Ci sono luoghi che entrano nel cuore in punta di piedi, senza rumore, ma con un’intensità che non ti lascia più. Zungri è uno di quei luoghi. E ancora una volta, il mio cuore ha battuto all’unisono con quello della sua gente, in occasione dei festeggiamenti in onore di Maria SS. della Neve.

La celebrazione si è conclusa con la Messa Solenne, officiata da S.E. Mons. Francesco Savino, Vescovo di Cassano all’Jonio e Vicepresidente della CEI. Una liturgia partecipata, viva, vibrante di fede e speranza, dove il sacro sembrava toccare con delicatezza ogni anima presente.

Ma a rendere tutto ancor più intenso, è stato l’abbraccio spirituale offerto da Mons. Savino, che con parole semplici e potenti ha parlato al cuore del popolo. Ha parlato di speranza, di ideali smarriti, di una società che ha bisogno di ritrovarsi. E lo ha fatto sotto lo sguardo amorevole della Vergine, madre e guida di un popolo che non ha mai smesso di credere.

Zungri non è solo un paese.
È una famiglia.
Una comunità fatta di uomini e donne che conoscono la fatica, ma anche la dignità. Che hanno attraversato il dolore, ma senza mai perdere la luce negli occhi.

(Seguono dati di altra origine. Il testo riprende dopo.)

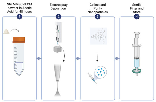 - Link, P.A.; Ritchie, A.M.; Cotman, G.M.; Valentine, M.S.; Dereski, B.S.; Heise, R.L. Electrosprayed extracellular matrix nanoparticles induce a pro-regenerative cell response. J. Tissue Eng. Regen. Med. 2018, 12, 2331–2336. [Google Scholar] [CrossRef] [PubMed]
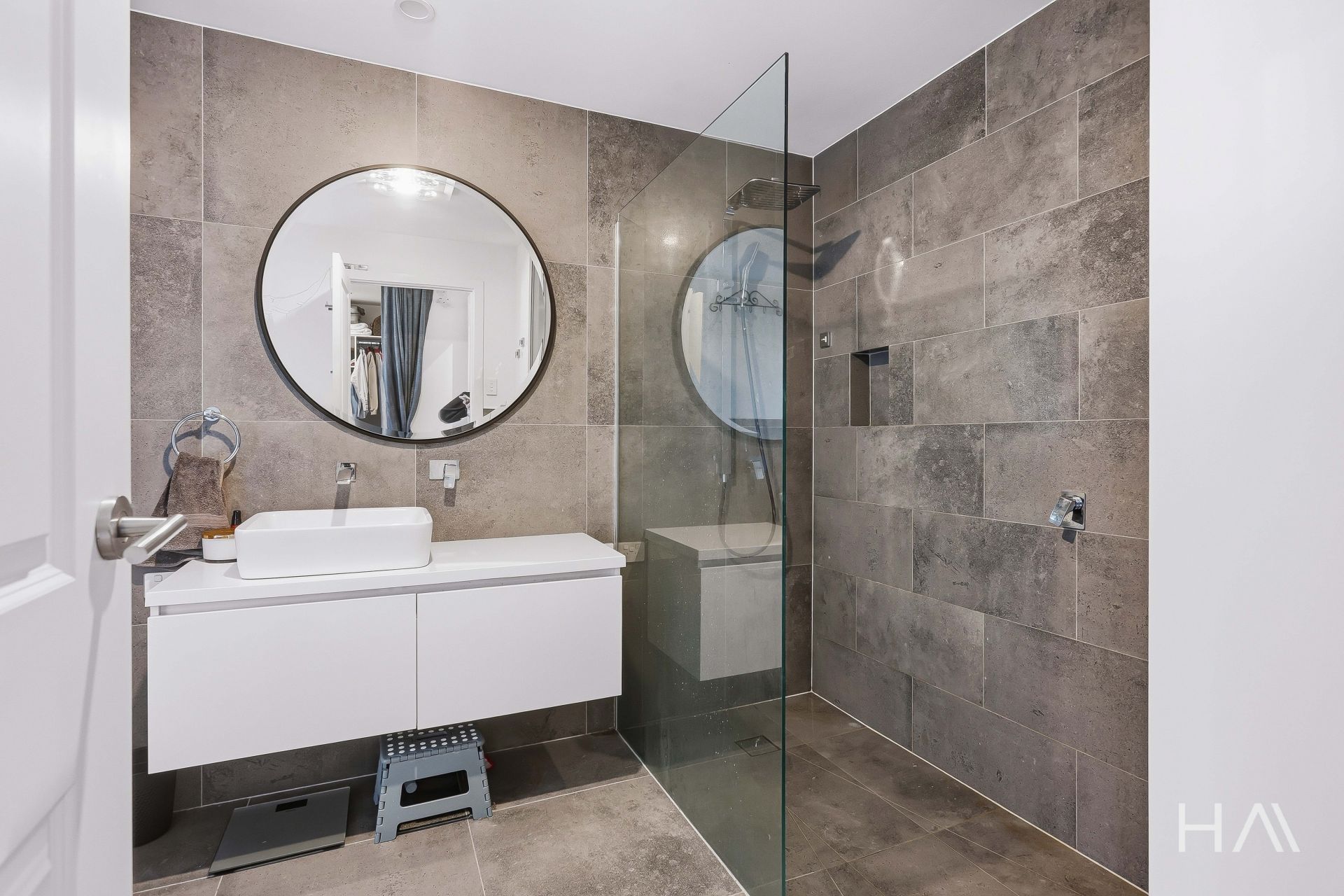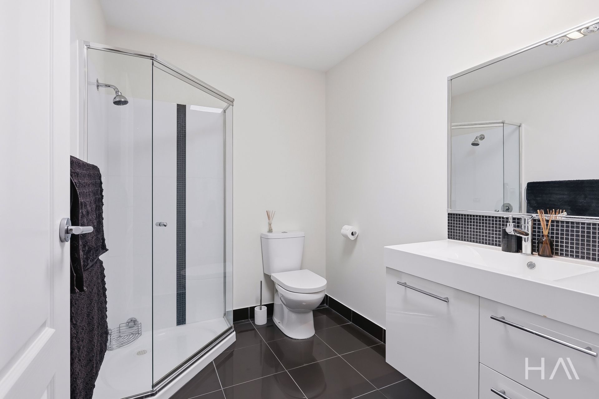 * Main bathroom with shower, vanity, and toilet
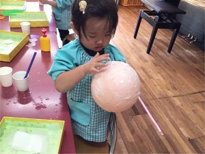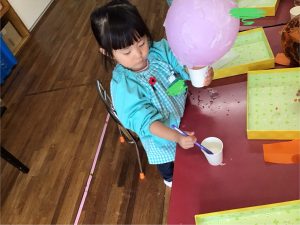 今日は膨らませた風船に、お花紙を水で溶いたボンドに浸しながら貼り付けていきました。
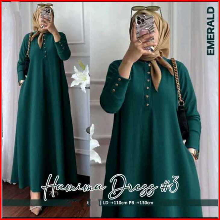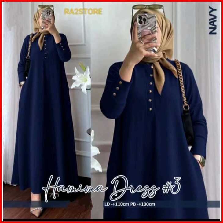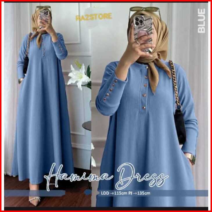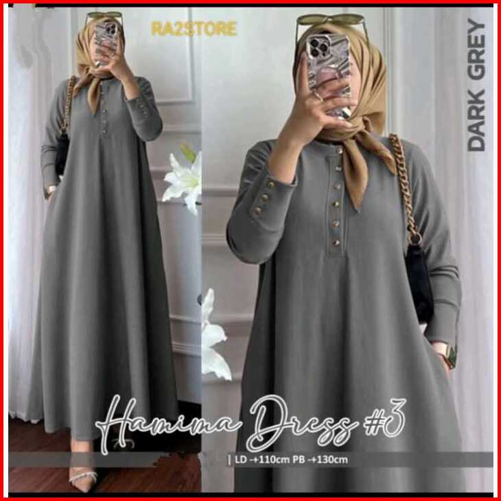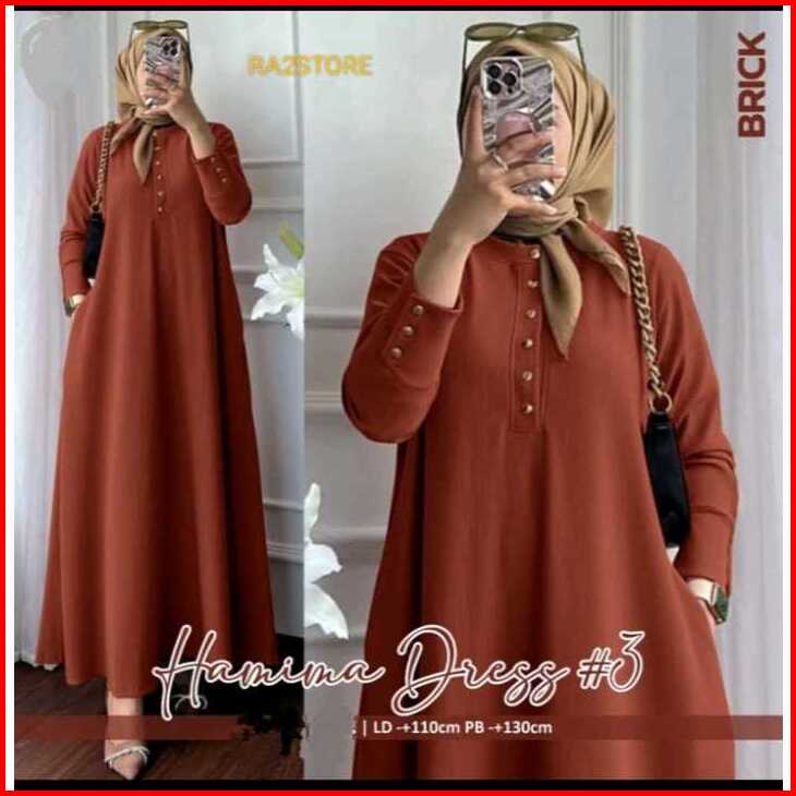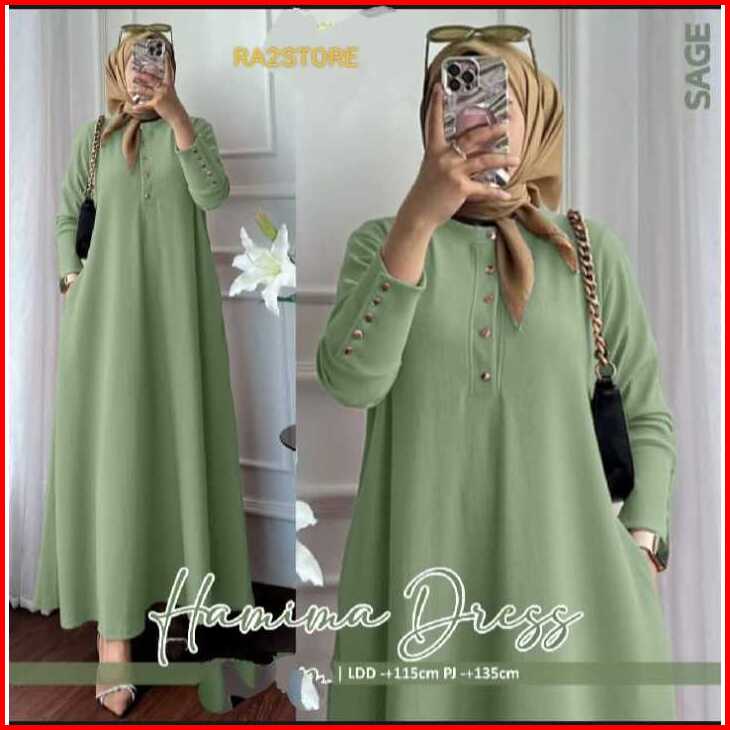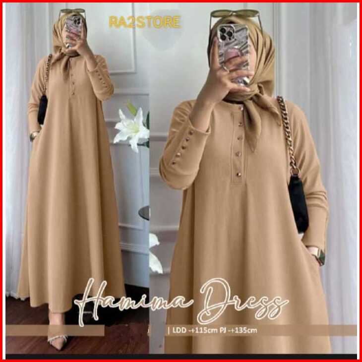 Dress Wanita Muslimah Kekinian Viral Terbaru Gamis Polos Hamima Crinkle Airflow Terlaris
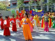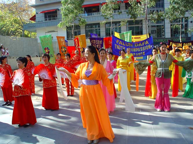当经过一夜旅途颠簸前来参加游行的悉尼法轮功腰鼓队整齐的亮相于第一方阵时,马上吸引了来自四面八方的行人。他们和彩绸舞一同为市民们带去了中国传统文化精髓,也拉开了此次游行的帷幕。

E se oggi questo paese è rinato nello spirito, è grazie a un uomo che ha saputo ridare senso, anima e voce al silenzio: Don Giuseppe La Rosa. Un parroco, sì, ma prima ancora un padre, un fratello, un faro. La sua missione non è stata solo religiosa, ma umana. Ha riacceso il fuoco della fiducia, ha raccolto lacrime e le ha trasformate in sorriso. Un vero capitano di anime.

A lui devo il mio primo legame con Zungri. Un legame diventato negli anni affetto profondo. Al punto che l’Amministrazione Comunale, guidata allora da Franco Galati, ha scelto di donarmi uno degli onori più toccanti della mia vita: la Cittadinanza Onoraria. Un gesto che porto nel cuore come un sigillo d’amore.

Quel 5 agosto non è stato solo un giorno di festa.
È stato un incontro con l’eterno, sospeso tra cielo e terra.
È stato camminare tra volti amici, stringere mani callose e sincere, ascoltare storie sussurrate con gli occhi lucidi.
È stato emozionarsi fino alle lacrime.

Perché quando un popolo si stringe attorno alla sua fede, non è solo una celebrazione: è un miracolo che si rinnova.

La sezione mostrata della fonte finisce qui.